On Using And Not Using ClassDojo*: Ideological Differences?

In a recent guest post, two British Columbia (Canada) primary grade teachers took opposite sides in discussing their use and non-use of the free behavioral management tool called ClassDojo. As described by the reporter in the above article, ClassDojo is software that “allows teachers to give students points to reinforce positive behaviors, assign negative points for undesirable behaviors and allows teachers to track behavior data over time, sharing with parents and administrators through reports.”

I was struck by what appeared to be strong differences between the two teachers over how (or whether) the high-tech tool should be used. Here I will summarize each teacher’s points, offer other teachers’ first-hand experiences, and then add what I learned based on my reading and an interview I had with a first-grade teacher using ClassDojo. There is an underlying issue over teacher beliefs in how children best learn that weaves in and out of the teachers’ comments, an issue I address at the end of the post.

Karen, the first grade teacher said that the tool was too point-focused and undercut her goals of getting six year-olds to manage their impulses. She admits that she  has not used ClassDojo in her classroom. Her reasons against using the software tool are clearly stated:

1. Class Dojo reinforces external rewards.
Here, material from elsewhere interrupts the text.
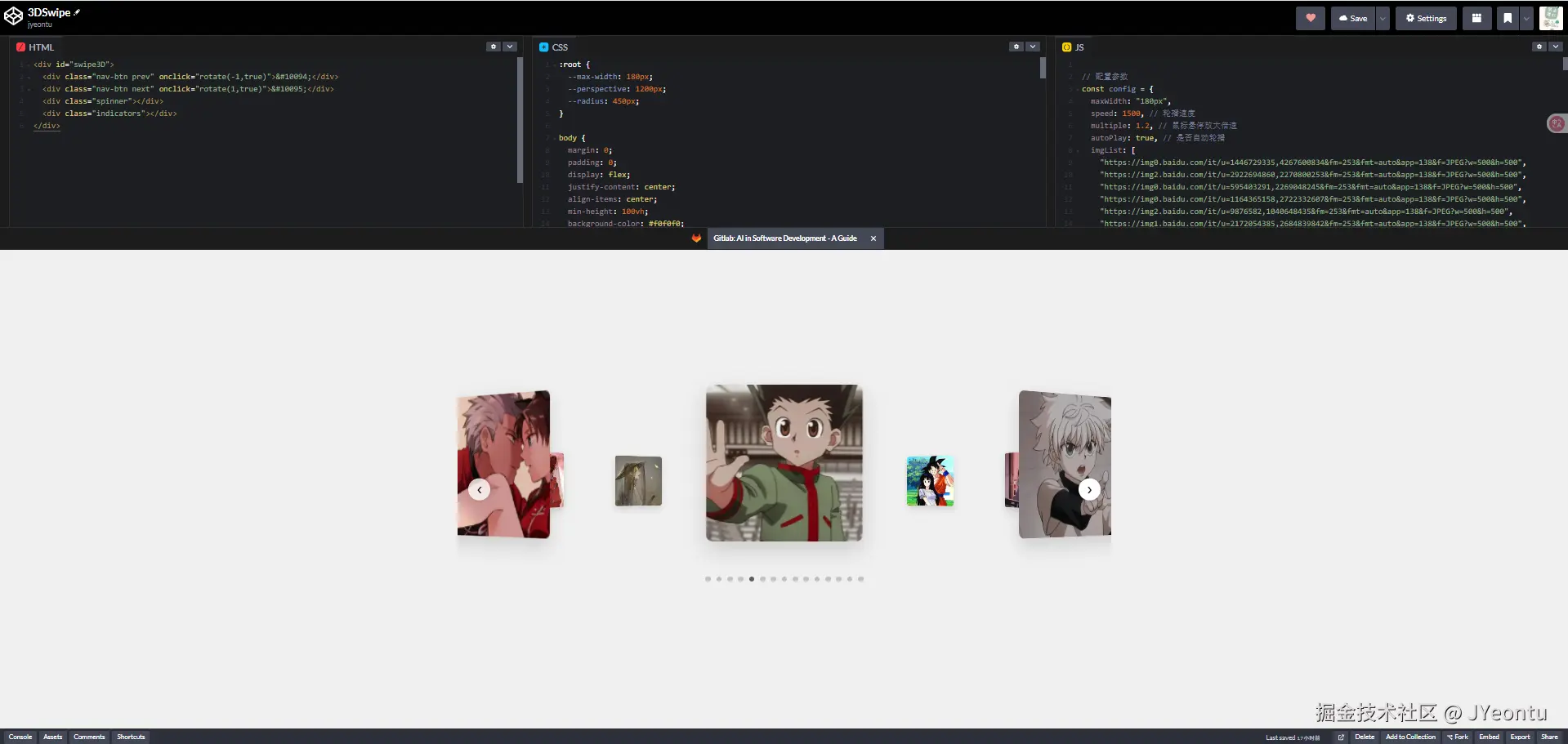 根据配置中的图片列表来动态创建图片元素,并设置好旋转角度,根据图片个数创建对于长度的指示器。

They may work in the short run but fail over time to get students to regulate their behavior.

2. One-click assessments of children’s behavior miss the complexity of individual students and why they do what they do.

3. It is “humiliating” to display publicly those students who get minus points; shame doesn’t help students learn.
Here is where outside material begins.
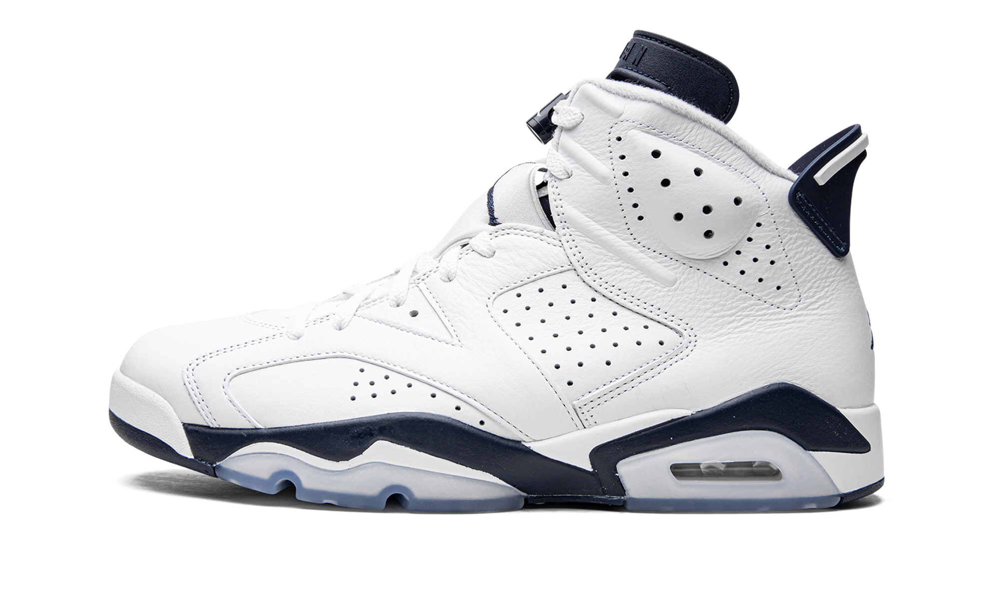 The Air Jordan 6 “Midnight Navy” is a non-original colorway of Michael Jordan’s sixth signature shoe that originally debuted in 2000 and was brought back in early 2022. The “Midnight Navy” was once part of Jordan Brand’s “Retro+” collection, a series of non-original colorways from the late ‘90s and early 2000s that put a new “lifestyle” spin on classic Air Jordan models, like the Air Jordan 6. Interestingly, the “Midnight Navy” colorway of the vintage basketball shoe is styled similarly to the model’s “White Infrared,” “Sport Blue,” and original “Maroon” looks. The entire upper, including the perforated panels on the sides, the perforated collar, and overlays, appear in white tumbled leather. A Midnight Navy Jumpman is embroidered onto the white nylon lace overlay. Additional Midnight Navy accenting comes into play on the lace toggle with white Jumpman branding, on the tongue, and on the spoiler on the heel. A navy blue Jumpman is stitched onto the heel above white “Air” branding. Release date: March 2022

Erin, another primary grade teacher, felt initially that ClassDojo would undermine her belief that students learn best through intrinsic rewards since the tool depended on points, rewards and punishments. Yet she decided to use the software and discovered that ClassDojo reinforced a child’s responsibility for being in class. In the reading and writing workshop she does annually, ClassDojo helped students state and track their expectations in reading and writing. In addition, the software tool collected and displayed information that helped the teaching assistant monitor special needs students’ behavior in the class as well as the overall group’s behavior. In short, Erin used the tool to “go beyond extrinsic rewards.”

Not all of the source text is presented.